Letting Go

As winter approaches, nights are longer and days are shorter, colder, and darker. In late October the leaves begin to fall. In the perennial border, leaves and stems begin to die back. The grass turns yellowish green before going brown and dead. Annual plants die completely. Winter is a stripped down time for trees and plants; a time of bareness, a lean time.

It is a lean time in our country and our world right now, and in our lives as well. Times are hard everywhere. Our lives and our world seem to be headed toward winter.

In the church it is a wintry season too. The abuse scandals that have rocked the church in America are now shaking Europe. Here in Maine, as elsewhere, dwindling numbers of priests mean fewer masses, churches merging, and even churches closing. Mass attendance is often down, people seem to drift away to other faiths, or to no faith at all. Even in the church, winter is approaching.

Yet winter in the natural world does not mean the end of life.

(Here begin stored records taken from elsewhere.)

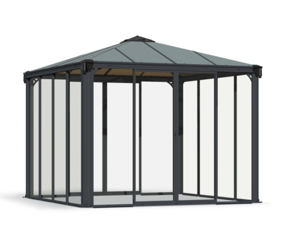 Relax in the stylish Palram-Canopia Ledro 3000 pavilion with doors. The Ledro gazebo has a weatherproof structure and is perfectly suited to various yard environments. The pavilion has a sturdy and reinforced structure with strong and corrosion-resistant anthracite gray powder-coated aluminum profiles and galvanized steel joints.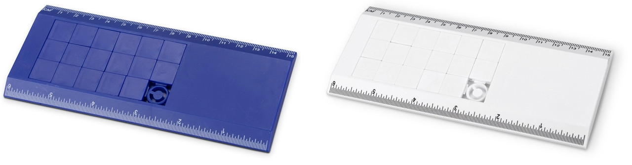 Кто сказал, что логику и мелкую моторику можно развивать только детям? Пару-тройку минут свободного времени в офисе можно посвятить знакомой всем с детства забаве – игре в "пятнашки". Игра расположена на линейке, так что это еще и нужная канцелярская принадлежность. Цвета в ассортименте.
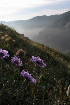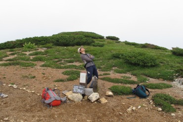 寝落ちすることが最近多いやまやろうです。家族の応対、会社での立場などが自分をネガティブな気分に追い込んでいく。荒んだ心をやさしく受け止めてくれるのはアルコールだ。いつでも、間違いなく、望みのままに気分を和らげさせてくれる。今夜はG会の集会なので、食事を手早く済ませられるようにと夕食はカレーライスであったが、実は昼の定食ではキーマカレーを食べていた。今夜のカレーは嫁がルーの個数を間違えたのか味気ない。粉チーズを鬼がけしてみる。今週末も「富山の百山」の取材山行が計画されている。参加者は少ない。天気も微妙だ。まともな写真が撮れるのであろうか。一応、チーフリーダーとして計画書は作成してみた。これまでに取材した、黒岩山・犬ヶ岳と清水岳については、文章を作成しないとならない。どちらにも参加し、写真にも文章にも経験の豊富なやまやろうが、叩き台を作る予定になっている。残る課題は、やる気をどう出すかだな。タカネマツムシソウが、朝日を待ちかねたように、頭花を光の射す方向に向ける(雪倉岳にて)。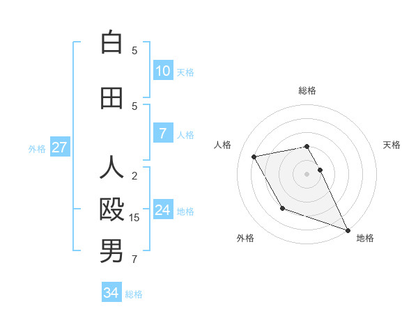 白田 人殴男さんを姓名の画数から五運を鑑定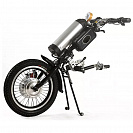 Электропривод представляет из себя 16-дюймовое моторколесо с пневматической покрышкой, оборудованное механическим дисковым тормозом, системой крепления к подножкам кресла-коляски и рулём мотоциклетного типа. Мощное диодное освещение для поездок в тёмное время суток.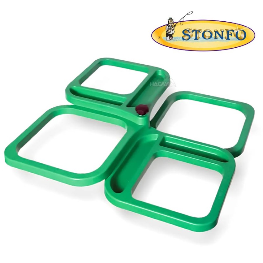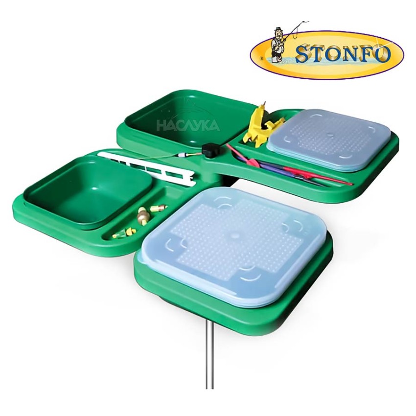 Изключително удобна поставка за кутии с четири отдела, която в сгънато състояние заема много малко място. Два от отделите имат допълнително място за поставяне на различни риболовни аксесоари като плувки, тежести, игли, ножици и др. Другите два отдела са широки и позволяват поставянето на по-големи кутии. Стойката е с метална универсална резба за прикрепяне към колче. Италианско качество от Stonfo!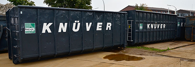 Wir verfügen über einen umfangreichen Containerstamm von mehr als 700 UVV-geprüften Abroll- und Absetzcontainer. Diese sind für die unterschiedlichen Bedürfnisse zum Sammeln, Sortieren und Transportieren von Abfällen geeignet. Die Stärke von Knüver Recycling ist dabei die flexible Reaktion auf die Anforderungen unserer Kunden. Ob Schrott, Metalle, Bauschutt, Grünabfälle, Boden, Folien, Pappe oder auch Gefahrgut, Knüver Recycling hält für jede Anforderung den passenden Container sowie Spezialbehälter in den Größen 1 bis 35 m³ bereit.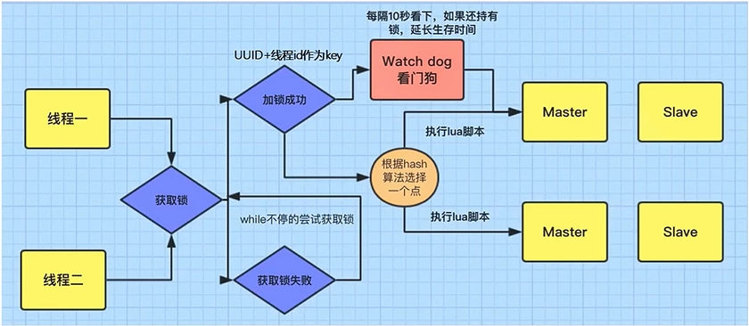 如果redis使用的是 主从复制的模式,有主节点和从节点,设置锁时 只能给主节点设置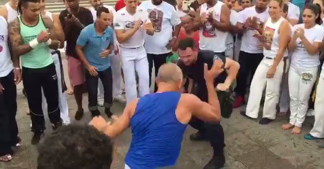 Um agente da Guarda Municipal de Florianópolis resolveu interagir com o pessoal que promovia uma roda de capoeira em frente ao TICEN, na semana passada.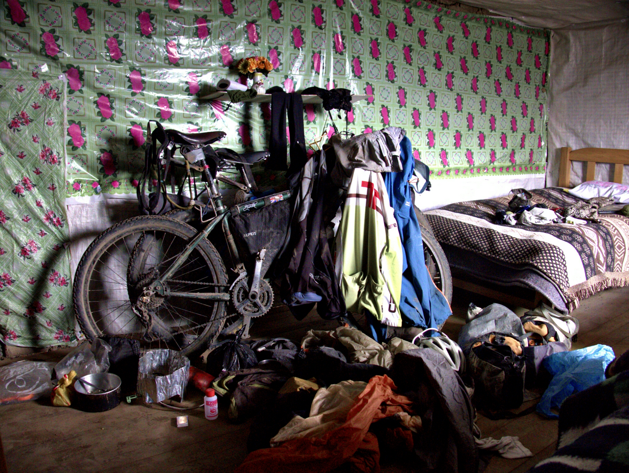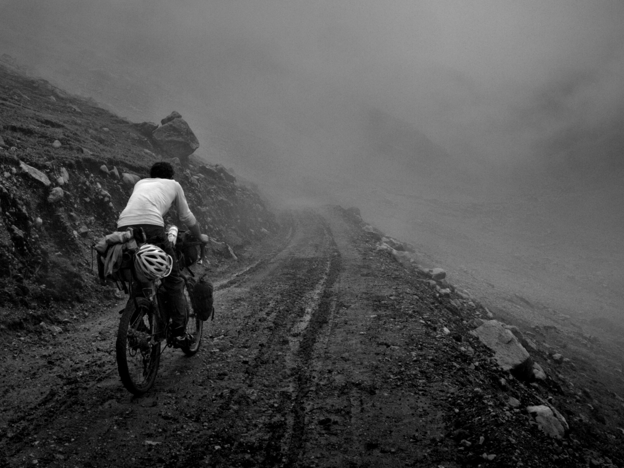 Spinning upwards into whiteness, mud hurled everywhere. Ground saturated, movement possible only by dropping tire pressure and pedaling in an ever lower gear. Andean rainy season in all of its menace. Paul just visible ahead, a vague bicycle shape silhouetted against a background of mist.
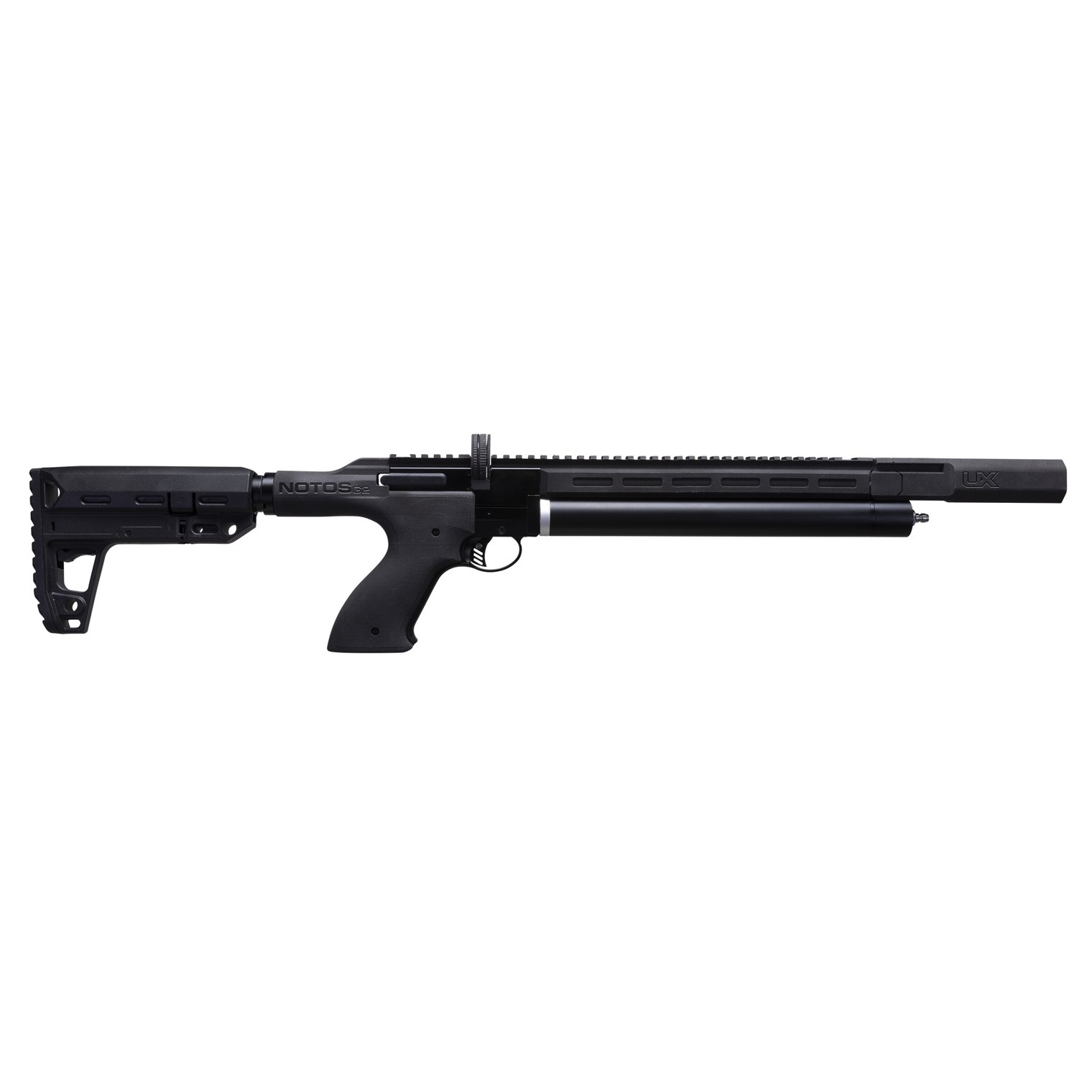One super popular air gun just got better. Meet the second generation of the Notos Pre-Charged Pneumatic carbine. If you know the Notos you know that it’s not truly a rifle. With its compact sizing and removable stock the Notos can easily be converted to pistol use if so desired. New for the Notos Gen 2 is a redesigned cocking lever redesigned 15 shot magazine longer barrel redesigned SilencAir device and a larger higher pressure onboard tank. Umarex was able to make these changes without altering with the attributes that made the original Notos such a huge success in the beginning. The Notos is still super lightweight compact accurate and customizable. We have just addressed a few of the issues that our customers spoke up about to make a more refined better performing Notos. The Notos Gen 2 is still a precisely accurate .22 caliber pellet carbine with side lever cocking and multishot auto-indexing magazine that shoots well over 800 FPS with an 11.9 grain pellet. The Notos Gen 2 can easily be converted from a carbine to a pistol by installing the Notos Pistol Grip set (sold separately). The Notos Gen 2 can also accomodate any optic the shooter prefers via the generous length of Picatinny rail. Additionally other accessories such as bipods or lights can be attached via the M-LOK slots located on either side of the hand guard. - .22 Caliber - 15-Shot Standard Magazine Capacity - Re-Designed Cocking Lever - Re-Designed Magazine - 118cc Tank with 3625 PSI Max Fill Pressure - 13.5 Inch / 343mm Barrel - SilencAir Noise Device Attached - 1 Magazine and 1 Single Shot Tray Included - Picatinny Scope Rail - 820 FPS with 15.89 gr Pellet - 22 Joules with 15.89 gr Pellet - Adjustable Length Stock - Convertible to a Pistol ( with part 2254850) - Foster Quick Connect Fill Port - Compatible with Fiber-Optic Open Sights Set ( Part 2254851)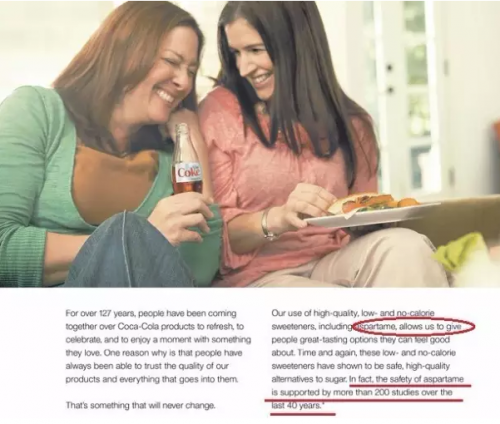 2013年,可口可乐在USA Today上刊登的为阿斯巴甜辩护的广告称,在过去40年里,阿斯巴甜的安全性被200多项研究支持。由此再次引发争议。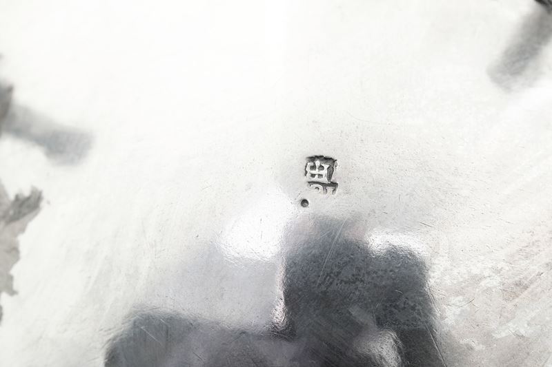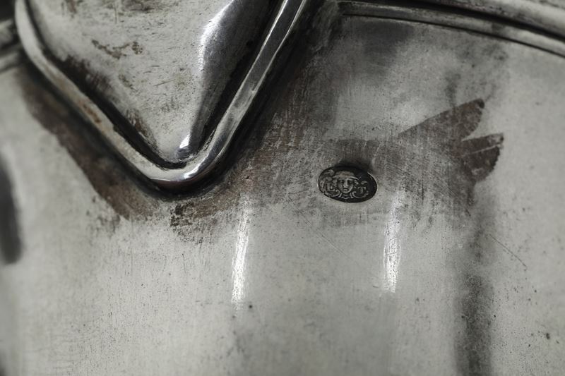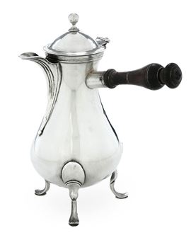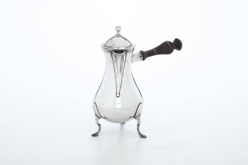 Caffettiera a tripode. Genova fine XVIII secolo, marchio della "Torretta" con datario consunto di difficile lettura (1)781 o (1)791 e marchio di ricontrollo (inizi del XIX secolo)

While we need to be prepared for it, it is not in itself something to be feared and dreaded.

In the natural world of God’s creation, plants and trees simply let go of all that is unnecessary. Even as vegetation adapts to the changing seasons, so we too need to learn to adapt.

Through photosynthesis, leaves and green growing things are the source of all life on this planet. Yet when winter approaches, they change color, let go and die. Trees let go of those same leaves that once provided them with life in order to survive through the cold months ahead. Flowers and grasses die off, right down to the ground. But the roots are digging deep, alive and well underground, waiting for springtime’s sun and warmth to send up new growth.

Could there be a lesson for us here? Can we let go as the leaves do?

It is so hard for us to let go! It seems such a negative thing, such a hard thing. Yet if the trees didn’t let go of their leaves, they wouldn’t survive the winter. When we lived a bit farther north in Maine, we once had a few inches of snow early in October. Trees and branches, still in full leaf, came crashing down. They couldn’t carry the burden of snow on their leaves. As with the trees, so with us: letting go can be a positive thing, an important and necessary thing.

Letting go is sometimes known as renunciation. It has two different aspects, one positive and energetic, and the other more receptive. In the active mode, we work at the discipline of letting go. This can include the traditional ascetic discipline of fasting, a way of letting go of either quality or quantity in food.
But there are other, more subtle forms of letting go as well. For example, we might ask ourselves these questions:

Can we let go of our need to always be right?

Can we let go of our need to look good?

Can we let go of the way things always were, or the way we wish things were, and accept that which actually is?

Can we let go of our anger and impatience? Or our need to criticize? Even our need to criticize ourselves!

From a more positive perspective, we might ask ourselves, ‘Can we practice restraint?’
Can we restrain our anger, our criticism, our need to be right, or to look good, or to want things to be different? These are all vitally important but often overlooked practices of renunciation.

The other side of letting go is receptive rather than active. When things happen to us, especially change of any sort, are we able to roll with it? Can we allow changes to happen, especially changes over which we have no control. This is especially difficult when the changes happen to people or institutions that we love very much! Changes, for instance, in our schools or towns or churches. Here it is very important to differentiate between the superficial changes (such as the clustering of the churches) and the depths of our faith.

Sometimes there is not nearly as much change as we wish, and we need to let go of our need for greater, quicker, more profound change.

From either side of this issue, there is often a call to let go: of the old ways, or of our own personal vision of the future.

This leaves us with yet another very important question. We need to ask ourselves when it is right to let go, and when we should hold on. After all, the trees gracefully let go of their leaves in late autumn – but they hold on tight to trunks and branches and twigs! We need to let go when and as God wishes.

And here’s a final important point. We let go only when it is time. This is what happens in nature: the days shorten and grow colder, the light fails. All of this signals the leaves that it is time to go. So also in our lives. Sometimes we can’t let go until suddenly, finally, it is God’s time and we are released from whatever we have been holding so tightly.

As winter approaches, let us ask God to help us let go of all that binds us and of all that keeps us from God and from each other. With liberated hearts we can then enter into Advent and Christmas to give praise to the Christ child for his great and loving mercy. In spaciousness and freedom we can then embrace ourselves, one another, and all of creation with the blessed warmth of God’s own love.